Cette aventure s’est interrompue en septembre 2011, après plus de 130 numéros publiés. À l’ère d’internet de l’Open data et de l’Open government, le projet d’origine semblait obsolète : chacun ne peut-il aujourd’hui trouver facilement l’information dont il a besoin en ligne ? L’Insee, les services statistiques ministériels, ont des sites internet très fournis, ils diffusent largement leurs travaux et leur méthodologie et donnent à voir leur organisation à qui prend la peine de chercher. Pourquoi cela ne suffirait-il pas ? L’étude de l’opportunité de (re)créer une revue professionnelle faite par l’Inspection générale de l’Insee fin 2017 a montré qu’il fallait revenir sur ce postulat. L’abondance de l’information peut être en elle-même un obstacle à son appropriation. Et surtout, nous nous illusionnons sur notre capacité collective à produire spontanément une information complète et partageable par tous – et d’abord au sein de notre communauté professionnelle – sur nos méthodes, nos enjeux, notre organisation et son contexte. Certes, nous produisons une documentation abondante, mais elle reste souvent très technique, confinée dans un petit cercle de spécialistes.

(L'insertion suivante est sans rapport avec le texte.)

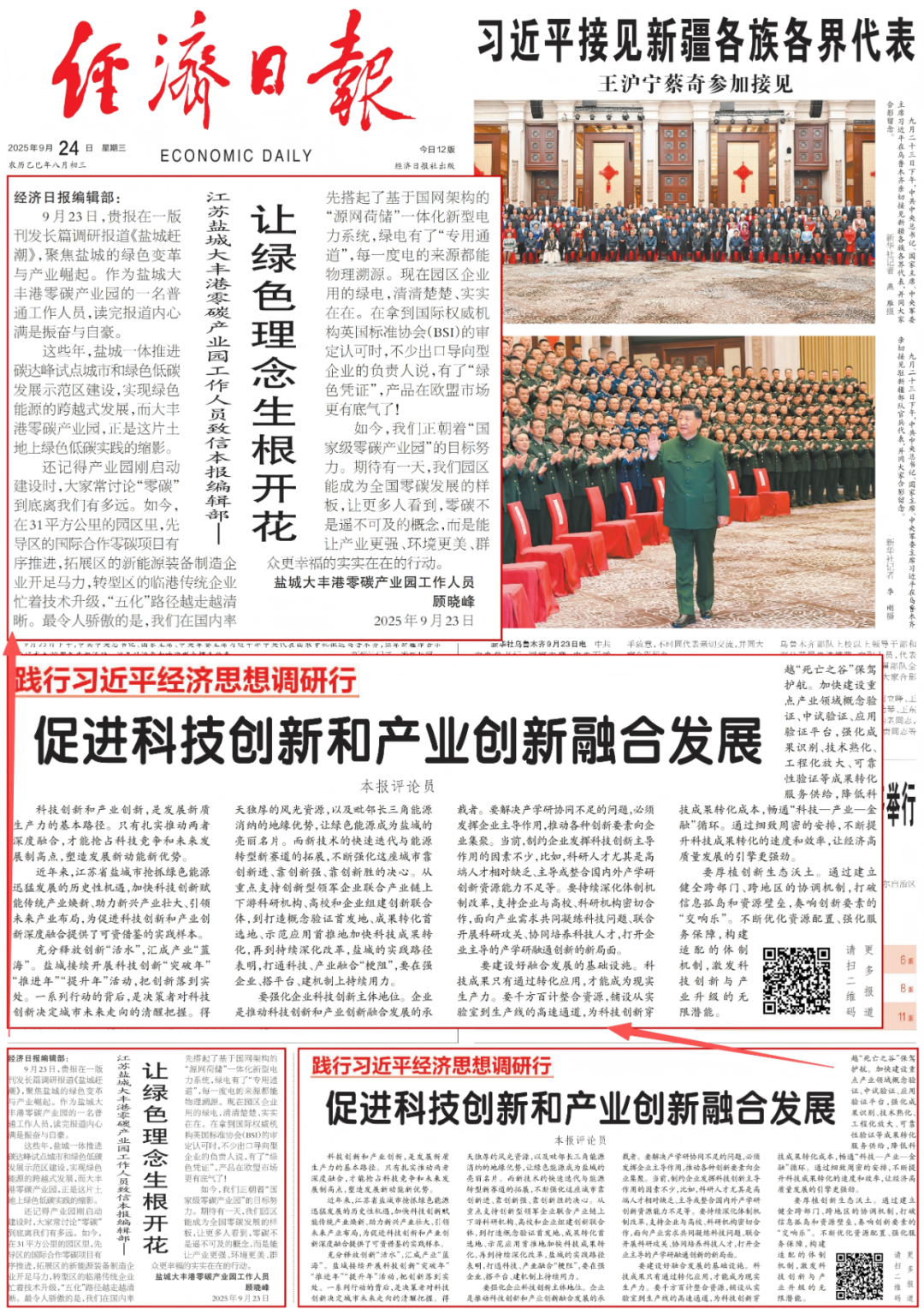 9月23日,贵报在一版刊发长篇调研报道《盐城赶潮》,聚焦盐城的绿色变革与产业崛起。作为盐城大丰港零碳产业园的一名普通工作人员,读完报道内心满是振奋与自豪。

L’étude d’opportunité de l’Inspection générale a montré que nombreux étaient les cadres du service statistique public qui regrettaient la disparition de la revue et qui estimaient qu’il manquait désormais un chaînon essentiel dans la chaîne d’information que nous produisons. Le besoin de faire circuler l’information au-delà des spécialités, de présenter de la méthodologie d’une manière plus synthétique et pédagogique que nous ne le faisons dans nos documents de travail, de donner à voir aussi notre organisation, le rôle de coordination du système statistique national consacré par le règlement européen n° 223/2009 et les évolutions dans la construction de la statistique européenne, le besoin enfin de garder la mémoire de ce que nous sommes et de ce que nous faisons, ces besoins sont toujours là. Et rien ne les satisfait spontanément.

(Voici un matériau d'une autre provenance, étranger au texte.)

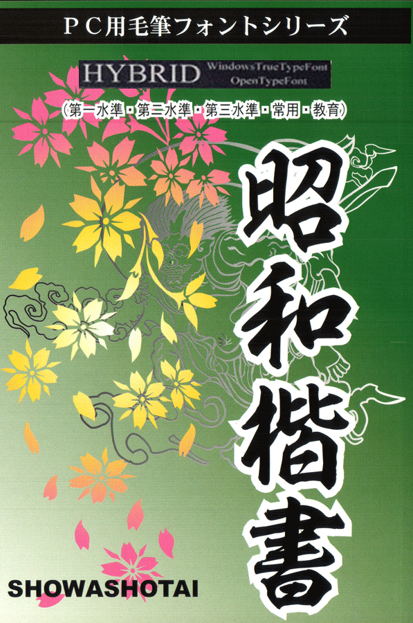 ●オリジナル毛筆フォント 「昭和楷書、昭和行書、雷神、風神、龍神、花神、清龍、昇龍、新太楷書」 「不動、孔雀、地蔵、文殊、勢至、弥勒、観音、普賢、虚空蔵書体」 「太楷書、太行書」 約4300文字(カタ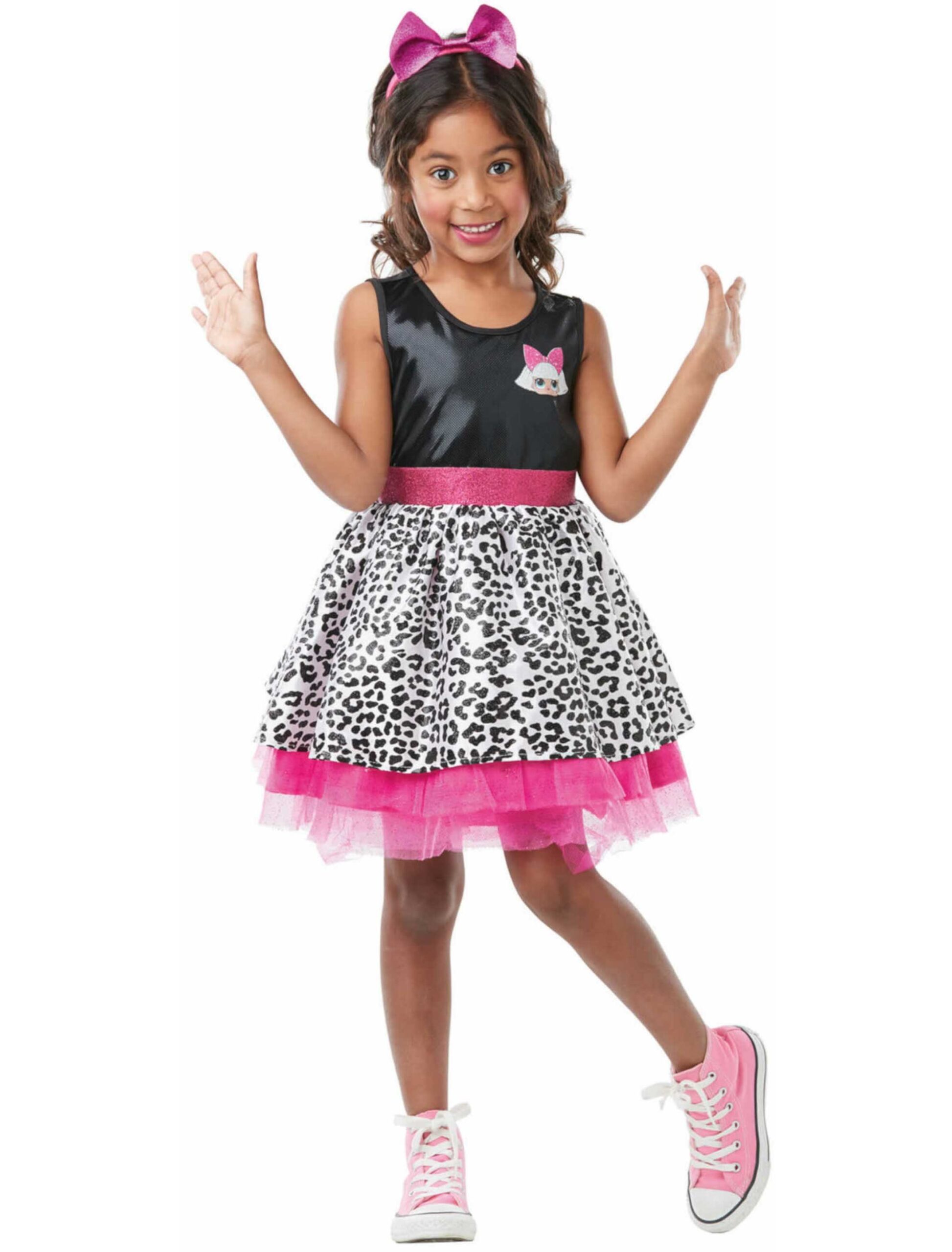 Voll angesagt sind bei den kleinen Mädchen die reizenden LOL-Sammelpuppen sowie die hübschen Outfits, Accessoires und die vielen niedlichen Kleinigkeiten. Und jeder LOL-Sammelpuppen-Fan wünscht sich einmal, wie sein Lieblingspüppchen auszusehen um in diesem trendigen Outfit seine Freundinnen zu überraschen. Mit dem zweiteiligen, bezaubernden L.O.L. Divakleid kannst Du Deinem kleinen Spatz diesen Herzenswunsch erfüllen. Das Kostüm besteht aus dem entzückenden Kleidchen mit glänzendem, schwarzen Oberteil samt Charakterprint, dem bauschigen, mehrlagigen Rock mit Leopardenmusterung und pinkfarbenem Tüllunterrock, dem hübschen pinken GlitzerGürtel sowie dem Haarreif mit der pinken Glitzerschleife. Ein Kostüm zum Verlieben und genau das richtige Geburtstagsgeschenk für Deine kleine Maus. Bei diesem Kostüm handelt es sich um ein offizielles Lizenzkostüm. L.O.L. Surprise Diva.

Enfin, en cette ère de post-vérité, nous sommes plus que jamais tenus, devant nos concitoyens, à la rigueur et l’impartialité de nos méthodes. Le Courrier des statistiques permettra à tous ceux qui le souhaitent, enseignants, chercheurs, étudiants, citoyens curieux, de mieux s’informer sur la fabrique de nos statistiques et le cadre déontologique dans lequel elles se construisent. Ce qui garantit précisément que l’on ne fait pas dire aux chiffres ce que l’on veut.

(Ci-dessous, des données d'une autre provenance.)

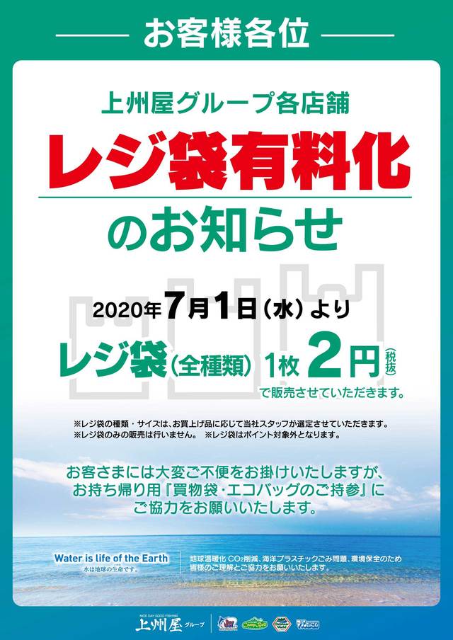 2020年7月1日(水)より上州屋グループ全店にてレジ袋を有料化し、全種類1枚2円(税抜)での販売とさせていただきます。お客様には大変ご不便をお掛けいたしますが、お持ち帰り用「買物袋・エコバックのご持参」にご協力をお願い致します。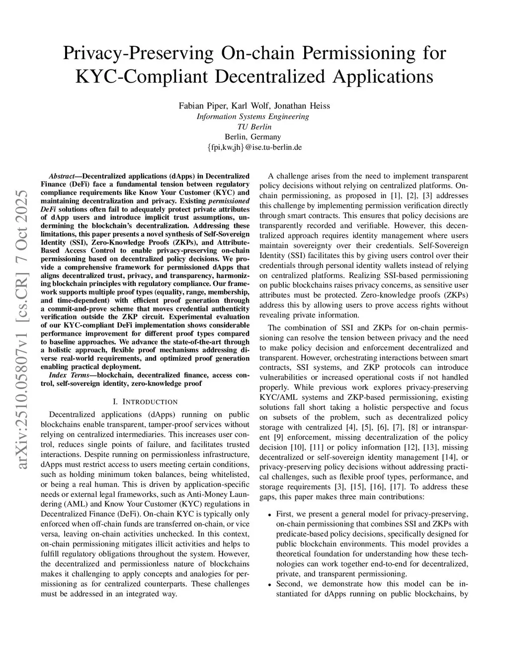 Privacy-Preserving On-chain Permissioning for KYC-Compliant Decentralized Applications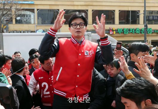 한동훈 국민의힘 비상대책위원장이 20일 오후 경기 안양시 안양 중앙시장 입구에서 시민들에게 인사하고 있다. 성동훈 기자 |
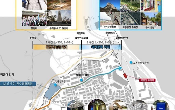 서울시가 북한산우이역에서 내려서 북한산으로 가는 진입로인 강북구 삼양로173길 일대(북한산우이역~봉황각) 550m 구간을 북한산의 자연환경과 독립역사가 살아있는 ‘특화거리’로 재생한다.북한산을 찾는 등산객들이 많이 이용하고 있지만 낙후해 상권이 쇠퇴하고 특색이 없어 그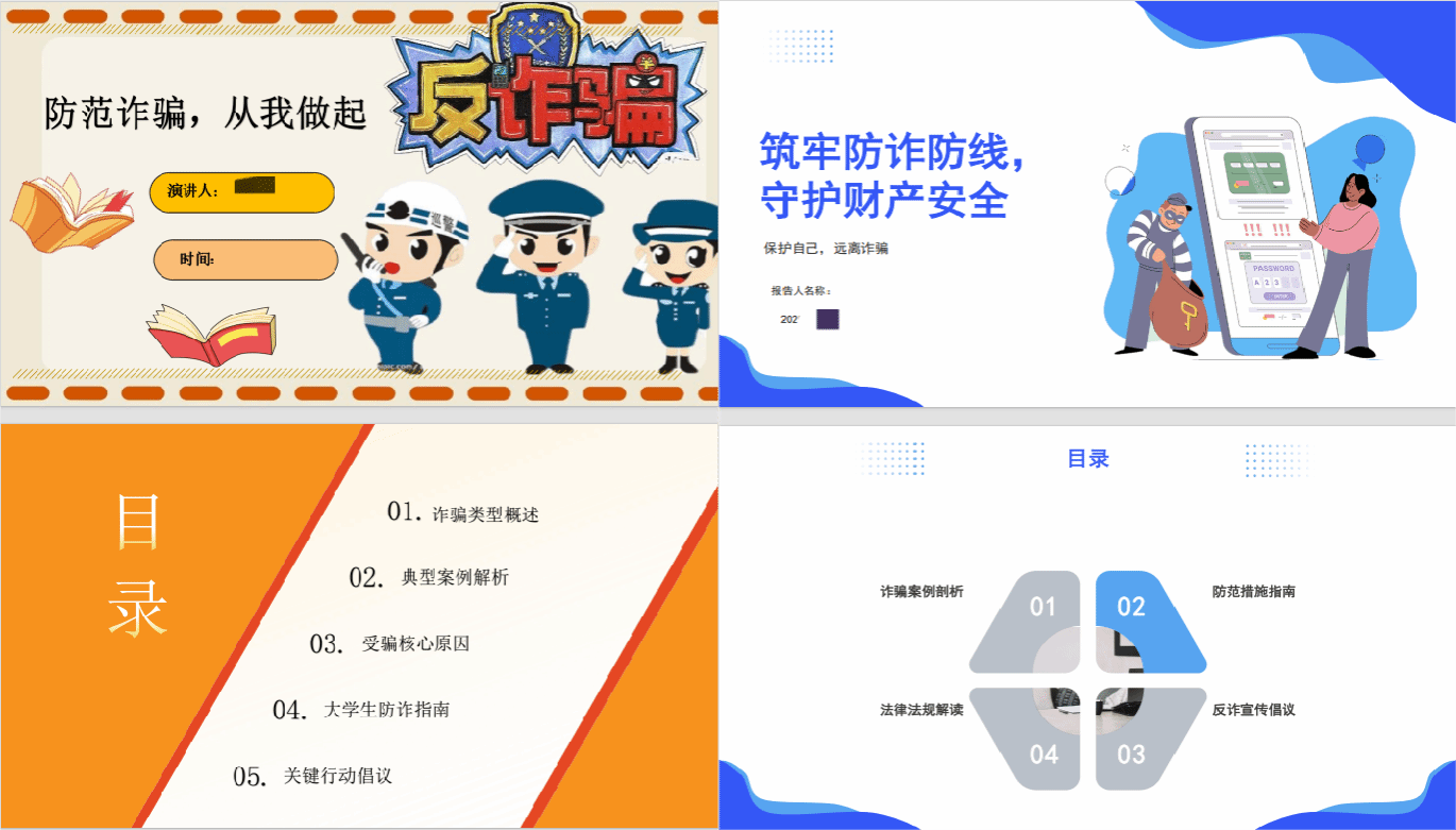 在PPT宣传中,同学们结合征文制作反诈PPT,并以宿舍为单位开展宣讲,录制宣讲视频,进一步了解诈骗案例、防范措施、法律法规等方面知识,强化防诈安全意识。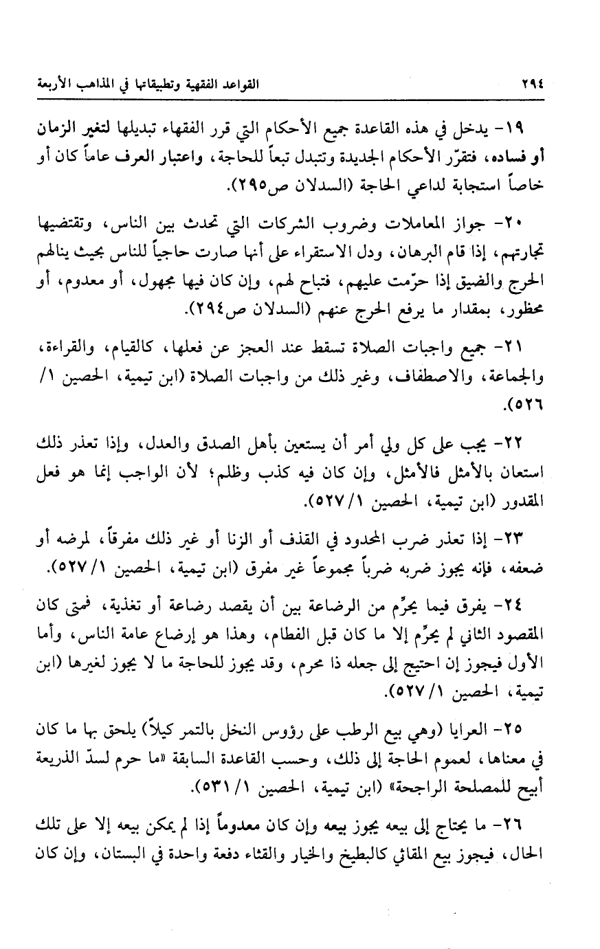 ١٩ - يدخل في هذه القاعدة جميع الأحكام التي قرر الفقهاء تبديلها لتغير الزمان أو فساده، فتقرّر الأحكام الجديدة وتتبدل تبعاً للحاجة، واعتبار العرف عاماً كان أو خاصاً استجابة لداعي الحاجة.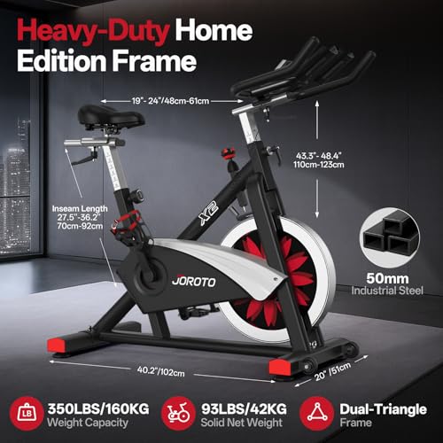 Le dimensioni e l’ingombro sono sicuramente il maggior punto di forza della cyclette professionale X2 di Joroto. Il brand infatti vanta dimensioni molto compatte ma comunque comode per l’utente, date le numerose regolazioni che possono essere messe in atto su manubrio, telaio e seduta. La cyclette professionale X2 di Joroto non è ripiegabile, quindi non può essere riposta in pochi centimetri di spazio come altri prodotti dai prezzi simili, ma la leggerezza e le dimensioni minime rendono possibile lo spostamento frequente e il posizionamento anche in ambiente domestico. Le dimensioni sono: 109 x 50 x 108 cm (L x P x A).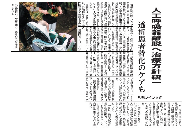 北海道医療新聞にて「人工呼吸器離脱・透析患者のケア統一」について掲載されました。 内容は添付ファイルをご覧ください。 ・北海道…

C’est pourquoi le comité de direction de l’Insee a décidé de relancer le Courrier des statistiques. J’en ai confié la responsabilité à l’Inspection générale, qui en assume désormais la rédaction en chef. J’ai été heureux de constater que les bonnes volontés ont été nombreuses à se manifester pour alimenter ce premier numéro et les suivants. Le Courrier des statistiques est en effet notre bien commun. Sa pérennité repose sur la bonne volonté de tous.
Je vous souhaite une bonne lecture de ce premier numéro.